# Diablo 3 revelations cause a stir



## SFF Chronicles News (Oct 20, 2013)

*1st August 2011 07:12 PM*

Darren Allan







 Diablo 3 is the hugely awaited next instalment of the classic action RPG from Blizzard.

 But the latest revelations regarding the game haven’t gone down well with many sections of the community.

 So what’s causing all the hoo-hah? First of all, Diablo 3 will require players to be online to play. There’ll be no offline mode, which has caused many a giant bee to settle in some player’s bonnets of rage +6.

 The reason for the online stipulation is to monitor the game and safeguard against cheating, and the importance of this is tied into a second fact which has caused even more of an outcry.

 Players will be able to sell stuff at the game’s auction house not just for gold pieces, but for real money. Hence why it’s so important to stop cheats, as if they could generate a super weapon for themselves, they could flog it for a pile of cash. And you could bet there’d be a whole lot of that going on.

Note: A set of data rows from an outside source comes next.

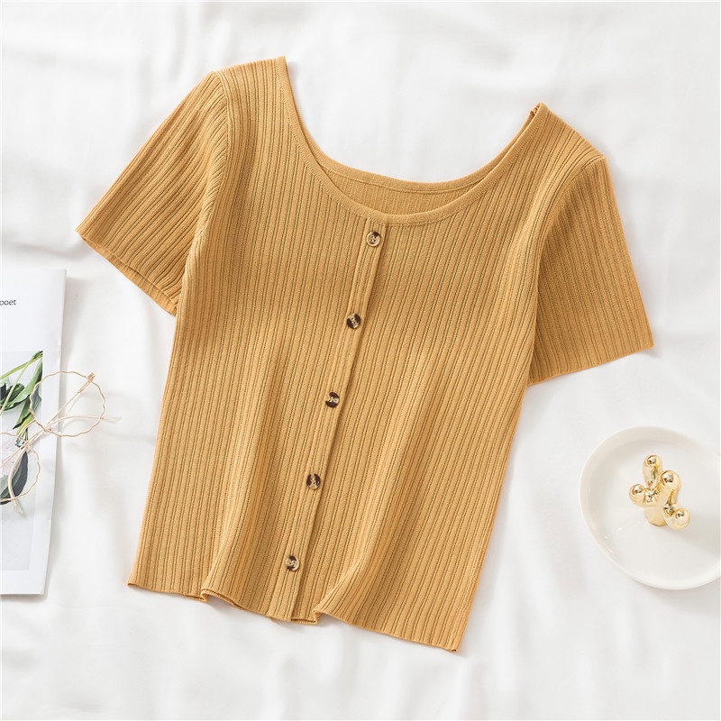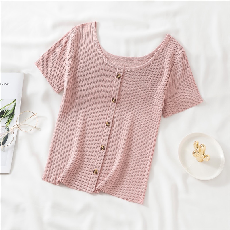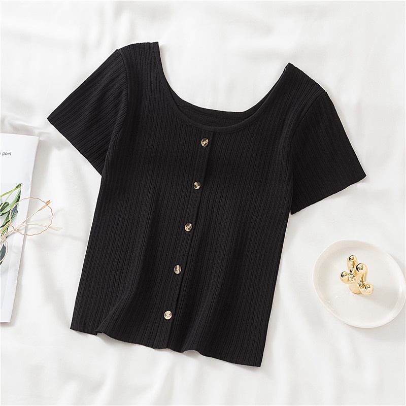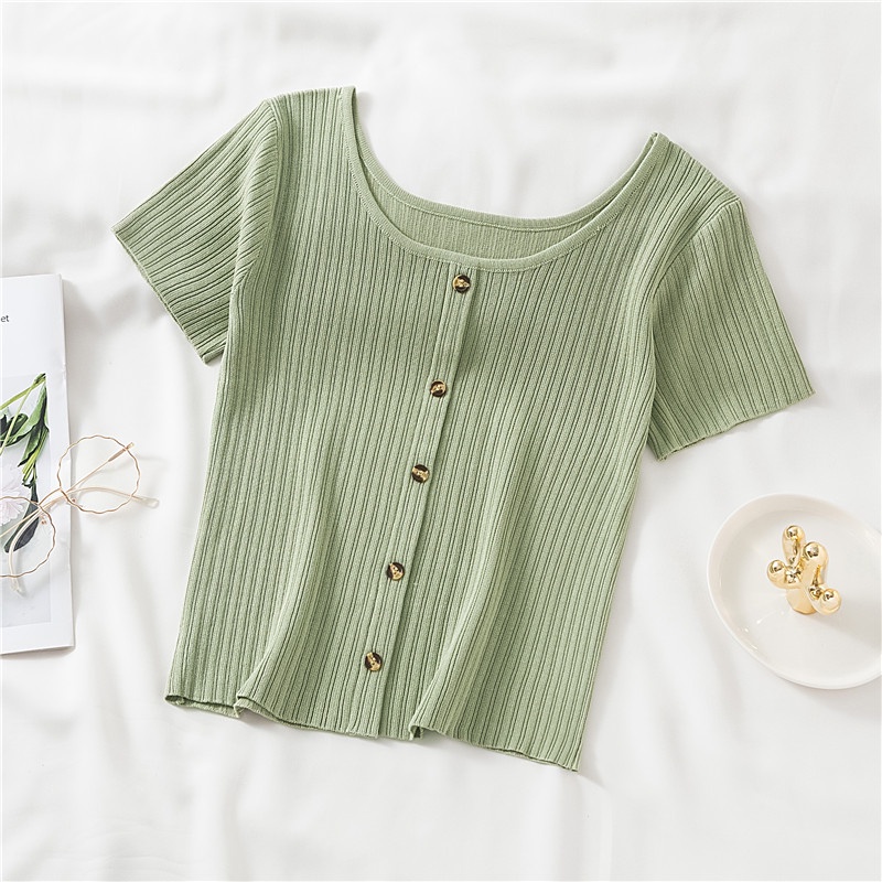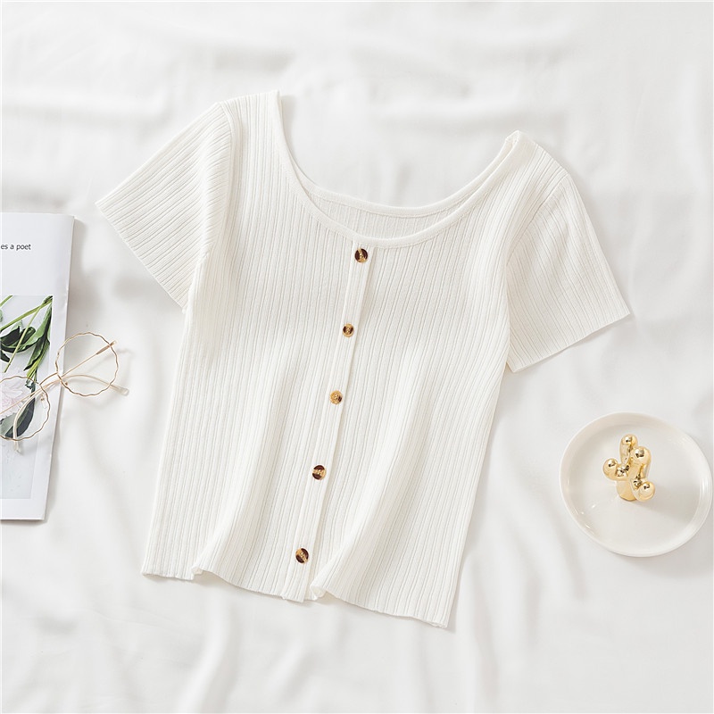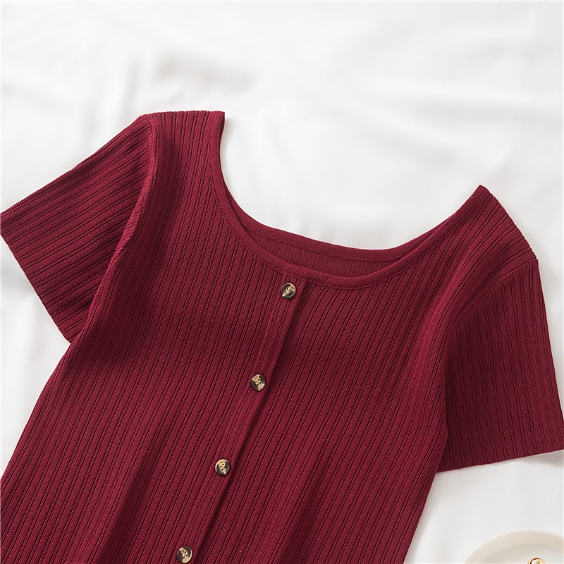 Retro Round Neck Short Sleeve T-Shirt Women's Shirt Slim Tops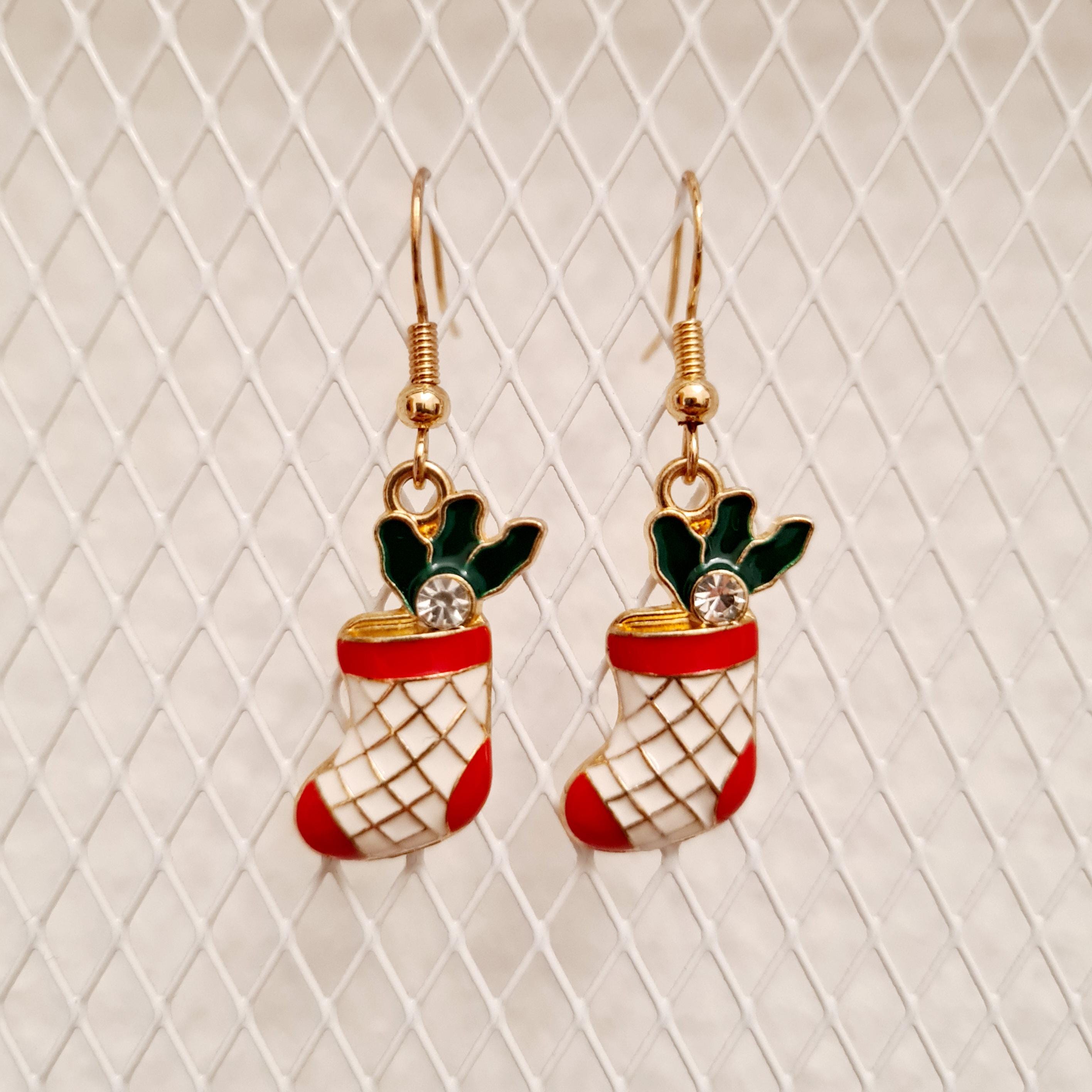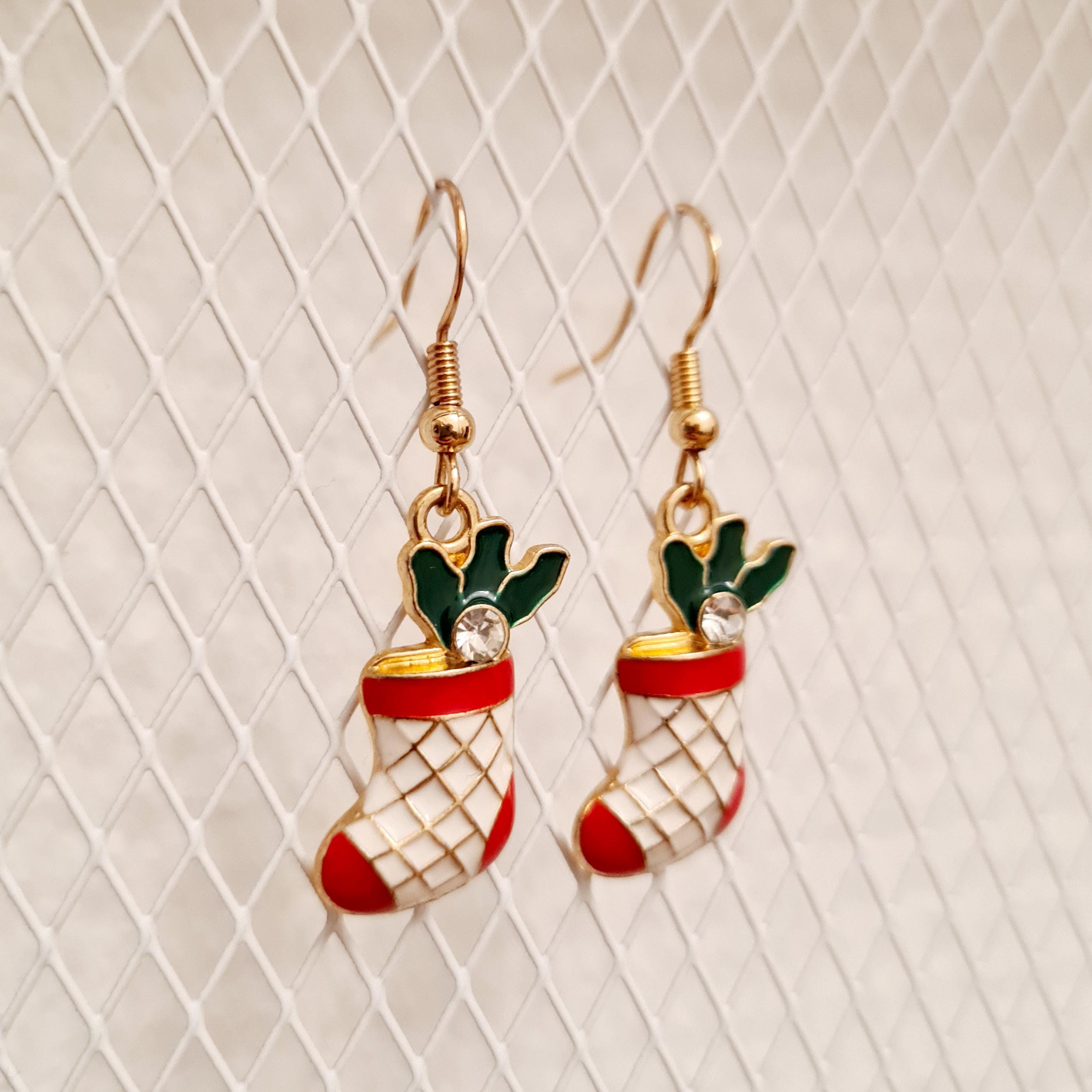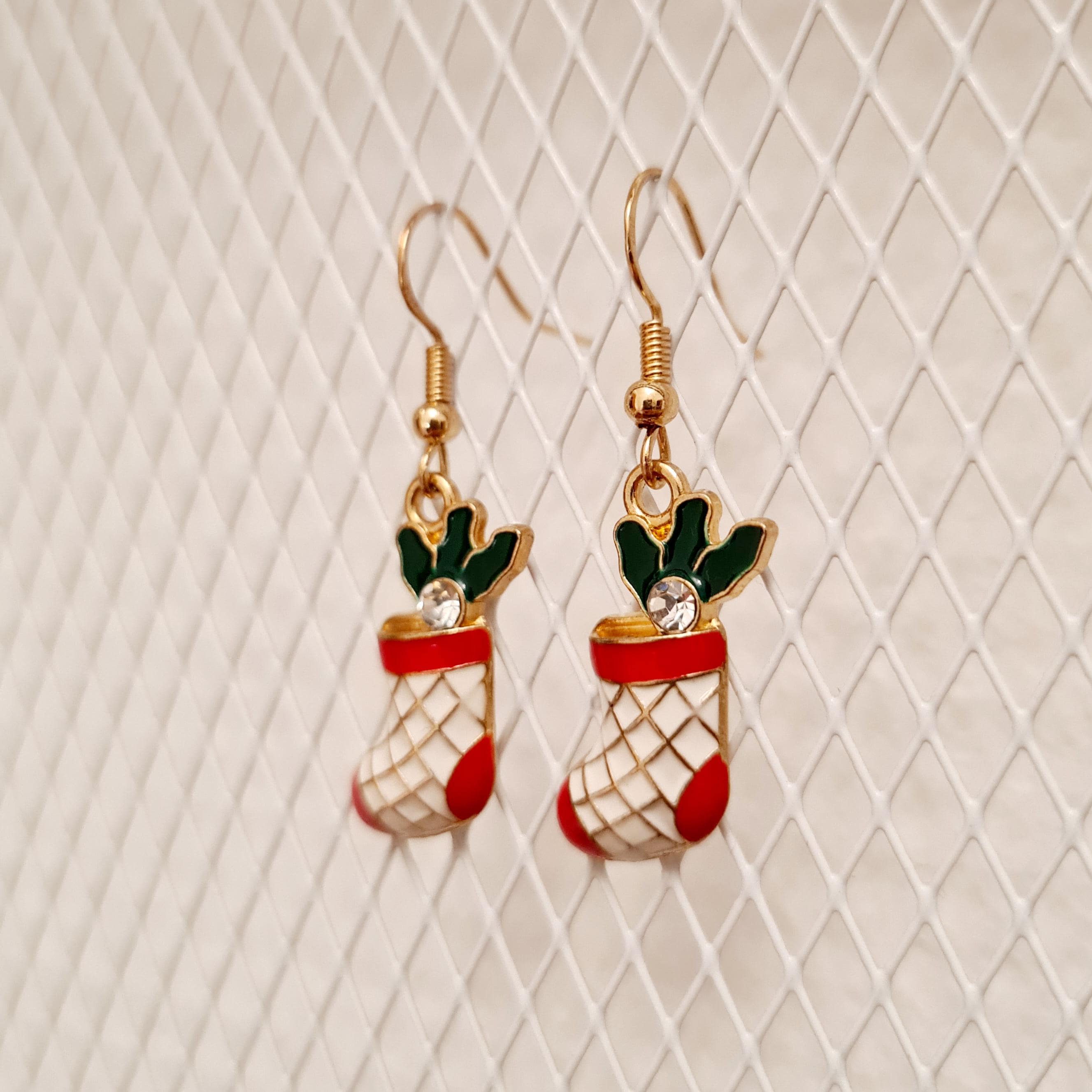 Earrings with festively decorated Christmas stockings and glittering holly berries.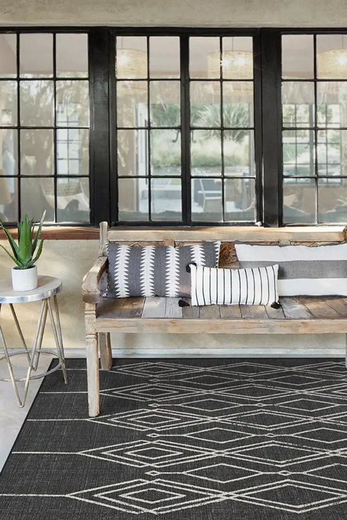 A relaxed, boho vibe. The off-white elongated diamonds create a lattice design that draws the eye across this black outdoor rug. Its extra-durable, machine-washable material makes this rug suited for high-traffic indoor and outdoor areas.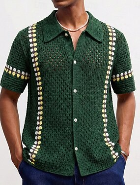 Per uomo Polo Polo a maglia intrecciata Casuale Streetwear Bavero Manica Corta Essenziale Moderno Blocco di colori Leggero Bottoni Estate Primavera Vestibilità regolare Verde Polo

 Certainly introducing the ability to sell loot for real world cash is the most controversial move Diablo 3 is making. Blizzard, while not selling equipment directly, will get a small percentage of player-to-player trades.

 The argument is that gold farming and folks buying equipment and money from farmers will happen anyway, on the “black” in-game market, so why not make it official, and ensure people aren’t ripped off by dodgy websites too.

 And that’s a fair point, but still the whole idea leaves us feeling a little uneasy somehow.

 We can’t say this will stop us playing Diablo 3 – if people want to buy big swords for real life money instead of getting the satisfaction of earning them in-game, that’s their problem. But we worry about where this is heading.

 The increase in micro-transactions as monetisation, and moves like Call of Duty bringing in Elite subscriptions, seem to point towards gaming inevitably becoming a more expensive habit (but via a more insidious, incremental spending nature).

 Finally, Diablo 3 becoming a closed non-cheaty system also means that Blizzard has outlawed modding from the game. Doubtless they will have lost some of their hardcore player base with these moves.

 Although any fiscal pain from lack of sales there is likely to very much be made up for by taking a cut of those pieces of shiny mithril armour and scythes of death dealing which are flying around at dollars a pop.


----------